◆ Data supplied ◆
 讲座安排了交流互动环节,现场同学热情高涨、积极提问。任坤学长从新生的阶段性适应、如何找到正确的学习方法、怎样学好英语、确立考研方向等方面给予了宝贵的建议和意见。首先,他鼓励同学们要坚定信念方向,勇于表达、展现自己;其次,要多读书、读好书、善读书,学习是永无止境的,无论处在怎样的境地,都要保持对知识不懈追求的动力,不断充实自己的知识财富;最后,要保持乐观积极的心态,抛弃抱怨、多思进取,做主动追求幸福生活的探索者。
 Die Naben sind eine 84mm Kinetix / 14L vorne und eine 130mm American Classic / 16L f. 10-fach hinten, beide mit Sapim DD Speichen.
...
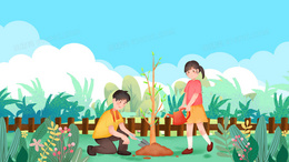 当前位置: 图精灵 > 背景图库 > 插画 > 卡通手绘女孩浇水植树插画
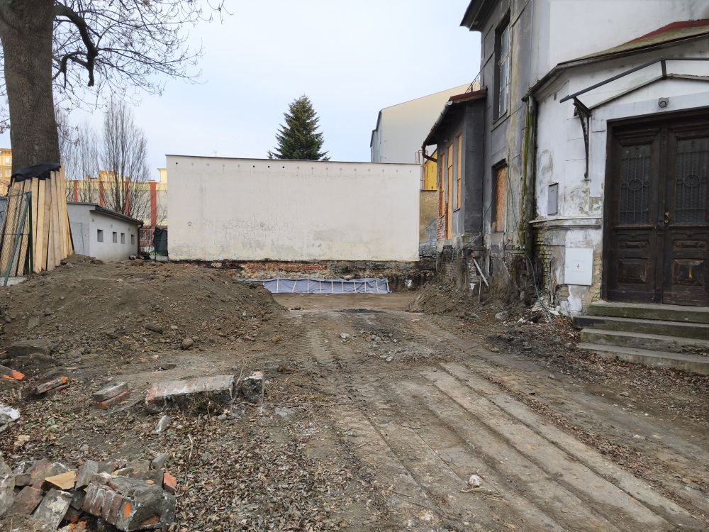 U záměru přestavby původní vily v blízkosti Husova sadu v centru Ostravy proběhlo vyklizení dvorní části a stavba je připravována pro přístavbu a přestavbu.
==
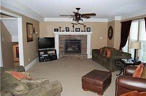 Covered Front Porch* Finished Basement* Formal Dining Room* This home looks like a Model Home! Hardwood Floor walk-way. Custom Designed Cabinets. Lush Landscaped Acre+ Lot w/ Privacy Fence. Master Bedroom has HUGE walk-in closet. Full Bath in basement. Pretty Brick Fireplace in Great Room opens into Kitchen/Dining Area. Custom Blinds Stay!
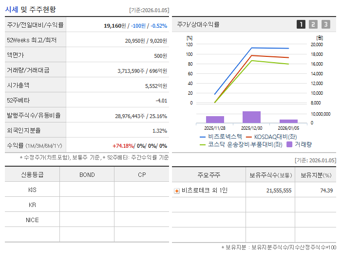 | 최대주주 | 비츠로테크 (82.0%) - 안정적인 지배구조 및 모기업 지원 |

◆ Exercise ◆
Look through the material above and print exactly the lines from the one containing "讲座安排了交流互动环节,现场" to the one containing "Die Naben sind", both included, and nothing more.

◆ Result ◆
 讲座安排了交流互动环节,现场同学热情高涨、积极提问。任坤学长从新生的阶段性适应、如何找到正确的学习方法、怎样学好英语、确立考研方向等方面给予了宝贵的建议和意见。首先,他鼓励同学们要坚定信念方向,勇于表达、展现自己;其次,要多读书、读好书、善读书,学习是永无止境的,无论处在怎样的境地,都要保持对知识不懈追求的动力,不断充实自己的知识财富;最后,要保持乐观积极的心态,抛弃抱怨、多思进取,做主动追求幸福生活的探索者。
 Die Naben sind eine 84mm Kinetix / 14L vorne und eine 130mm American Classic / 16L f. 10-fach hinten, beide mit Sapim DD Speichen.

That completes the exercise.